A federal bankruptcy court ruled yesterday that approximately $4 million held by the Professional Air Traffic Controllers Organization in what it called a trust fund for its members belongs instead to the union's creditors.
The decision came in a suit filed by the Air Transport Association, a trade association of airlines, which argued that the $4 million was part of the defunct union's assets that should be distributed to its creditors.
Patco filed for bankruptcy in July, 11 months after calling a strike that led to the firing of 11,500 of its members. Under the bankruptcy proceedings, the union's assets are to be distributed by a court-appointed trustee to the union's creditors. The union contended that the $4 million was a subsistence trust fund which would be disbursed to union members at some point.
The nation's airlines are owed an estimated $33 million as a result of fines levied against the union for violating an injunction barring a strike.

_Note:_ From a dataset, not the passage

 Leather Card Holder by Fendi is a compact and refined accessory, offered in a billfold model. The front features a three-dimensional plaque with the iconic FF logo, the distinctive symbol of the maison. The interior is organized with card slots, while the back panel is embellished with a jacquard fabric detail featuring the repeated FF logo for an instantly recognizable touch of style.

The bankrupt union's creditors also include the U.S. government, which is owed about $1 million.
"To permit the return of the trust monies to members of the union that have acted in clear defiance of established law would be to reward Patco members for their illegal action," Bankruptcy Judge Roger M. Whelan said in a 16-page decision.

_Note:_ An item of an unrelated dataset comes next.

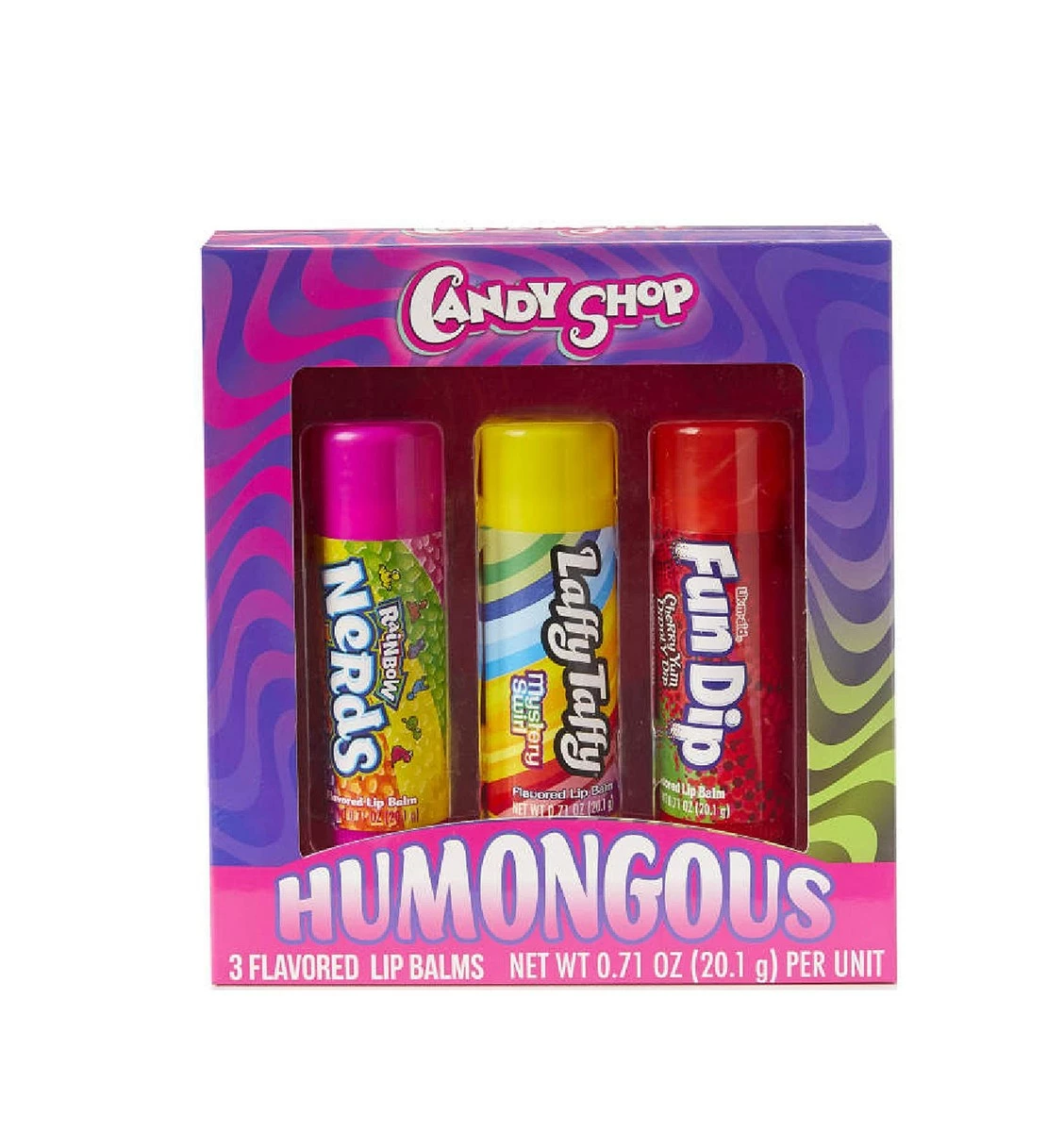 Candy Shop Humongous Flavored Lip Balm Trio: Includes 1 each of: Rainbow Nerds, Laffy Taffy Mystery Swirl, Fun Dip Cherry Yum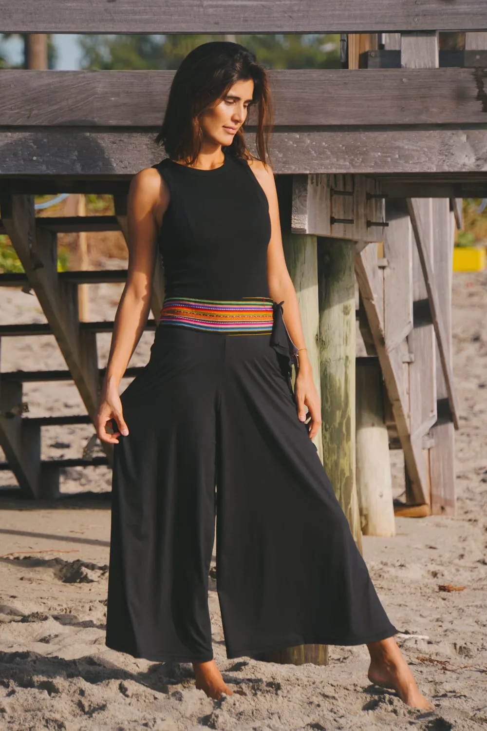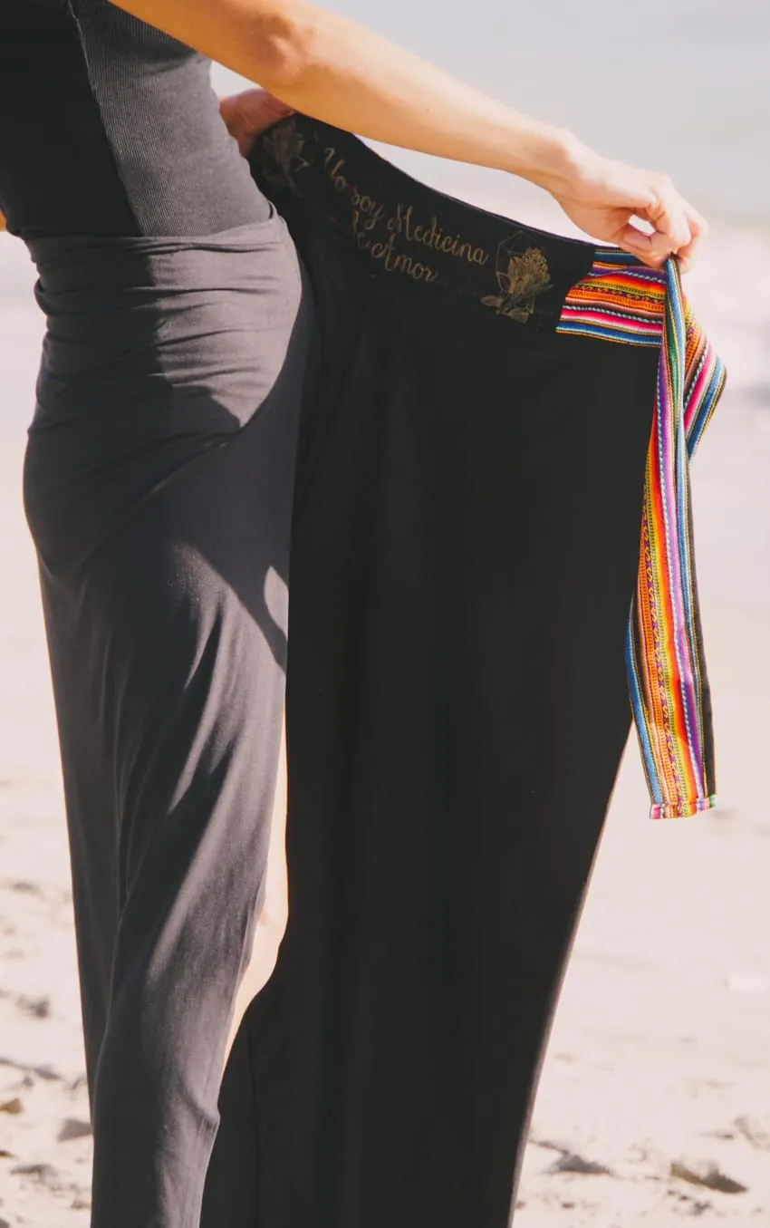 Diseño Funcional y Ritual: Pantalón tipo Mariposa que incluye un Chumbe en Manta Peruana ajustable a cintura y cadera, ideal para sostener y dar calorcito al útero. Posee un bolsillo interno «Yo Soy Medicina de Amor» para colocar cuarzos, plantas o t4b4co (tabaco), portando tu medicina personal.

Whelan wrote that a trust fund is "void and of no effect" when the purpose of it is to defeat a public policy or where it's prohibited by law. "It is clear to the court that recognition of the trust fund, created as it was to thwart a clear and express public policy against strikes by government employes, would result in a perversion of valid, stated government objectives in defining union activities," he wrote.
ATA said in a statement yesterday that the decision upheld "the important principle that union strike funds designed to aid in an unlawful strike must be available to pay damages caused by that illegal strike." Whatever funds are paid ultimately to ATA from the bankruptcy estate will be earmarked for the benefit of ATA member airlines and will offset partially the losses caused by the strike, the group said.